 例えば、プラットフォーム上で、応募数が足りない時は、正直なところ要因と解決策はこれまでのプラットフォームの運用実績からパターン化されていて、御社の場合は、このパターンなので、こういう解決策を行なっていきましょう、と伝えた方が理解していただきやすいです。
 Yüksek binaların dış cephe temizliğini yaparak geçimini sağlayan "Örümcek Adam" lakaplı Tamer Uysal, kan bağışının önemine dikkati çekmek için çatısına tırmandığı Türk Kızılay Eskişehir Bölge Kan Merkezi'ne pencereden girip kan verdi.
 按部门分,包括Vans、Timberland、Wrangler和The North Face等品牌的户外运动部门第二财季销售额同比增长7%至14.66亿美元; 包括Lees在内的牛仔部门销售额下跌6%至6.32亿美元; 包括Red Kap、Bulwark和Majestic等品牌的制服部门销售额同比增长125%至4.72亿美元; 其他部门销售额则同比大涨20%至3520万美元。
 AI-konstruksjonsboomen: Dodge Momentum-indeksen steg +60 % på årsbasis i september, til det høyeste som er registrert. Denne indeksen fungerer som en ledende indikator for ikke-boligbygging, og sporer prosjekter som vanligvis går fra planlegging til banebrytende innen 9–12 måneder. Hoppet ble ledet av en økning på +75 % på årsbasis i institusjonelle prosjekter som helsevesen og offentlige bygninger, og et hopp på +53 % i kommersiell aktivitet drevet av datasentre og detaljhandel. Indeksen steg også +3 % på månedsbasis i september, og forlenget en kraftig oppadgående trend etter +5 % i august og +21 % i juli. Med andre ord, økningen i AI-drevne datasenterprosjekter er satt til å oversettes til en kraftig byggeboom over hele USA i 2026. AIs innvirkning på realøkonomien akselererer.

--

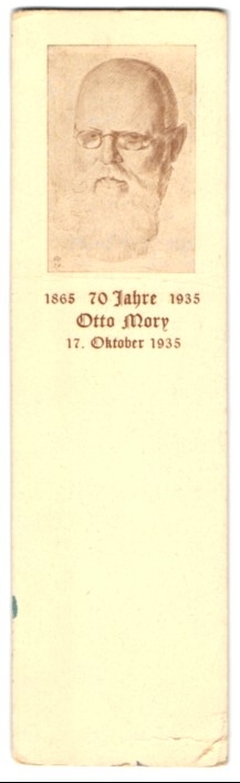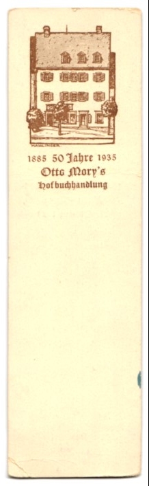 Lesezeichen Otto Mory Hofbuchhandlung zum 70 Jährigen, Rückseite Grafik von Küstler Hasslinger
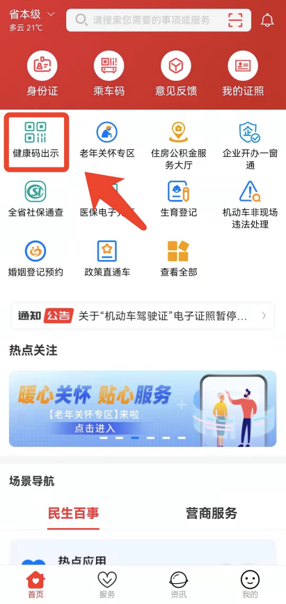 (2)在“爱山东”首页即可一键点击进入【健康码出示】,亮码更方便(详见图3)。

* * *

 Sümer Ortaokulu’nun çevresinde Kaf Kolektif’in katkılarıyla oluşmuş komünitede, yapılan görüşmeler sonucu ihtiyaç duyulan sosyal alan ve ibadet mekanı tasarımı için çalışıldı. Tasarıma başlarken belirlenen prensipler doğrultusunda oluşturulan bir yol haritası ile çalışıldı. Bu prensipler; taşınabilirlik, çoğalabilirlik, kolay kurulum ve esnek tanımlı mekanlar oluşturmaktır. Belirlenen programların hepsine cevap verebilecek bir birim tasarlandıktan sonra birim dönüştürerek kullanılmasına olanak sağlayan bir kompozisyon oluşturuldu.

* **What is needed**
Restate word for word the entries above from the line with "Yüksek binaların dış" through the line with "AI-konstruksjonsboomen: Dodge Momentum-indeksen", inclusive, leaving out everything else.

* **Answer for the task**
 Yüksek binaların dış cephe temizliğini yaparak geçimini sağlayan "Örümcek Adam" lakaplı Tamer Uysal, kan bağışının önemine dikkati çekmek için çatısına tırmandığı Türk Kızılay Eskişehir Bölge Kan Merkezi'ne pencereden girip kan verdi.
 按部门分,包括Vans、Timberland、Wrangler和The North Face等品牌的户外运动部门第二财季销售额同比增长7%至14.66亿美元; 包括Lees在内的牛仔部门销售额下跌6%至6.32亿美元; 包括Red Kap、Bulwark和Majestic等品牌的制服部门销售额同比增长125%至4.72亿美元; 其他部门销售额则同比大涨20%至3520万美元。
 AI-konstruksjonsboomen: Dodge Momentum-indeksen steg +60 % på årsbasis i september, til det høyeste som er registrert. Denne indeksen fungerer som en ledende indikator for ikke-boligbygging, og sporer prosjekter som vanligvis går fra planlegging til banebrytende innen 9–12 måneder. Hoppet ble ledet av en økning på +75 % på årsbasis i institusjonelle prosjekter som helsevesen og offentlige bygninger, og et hopp på +53 % i kommersiell aktivitet drevet av datasentre og detaljhandel. Indeksen steg også +3 % på månedsbasis i september, og forlenget en kraftig oppadgående trend etter +5 % i august og +21 % i juli. Med andre ord, økningen i AI-drevne datasenterprosjekter er satt til å oversettes til en kraftig byggeboom over hele USA i 2026. AIs innvirkning på realøkonomien akselererer.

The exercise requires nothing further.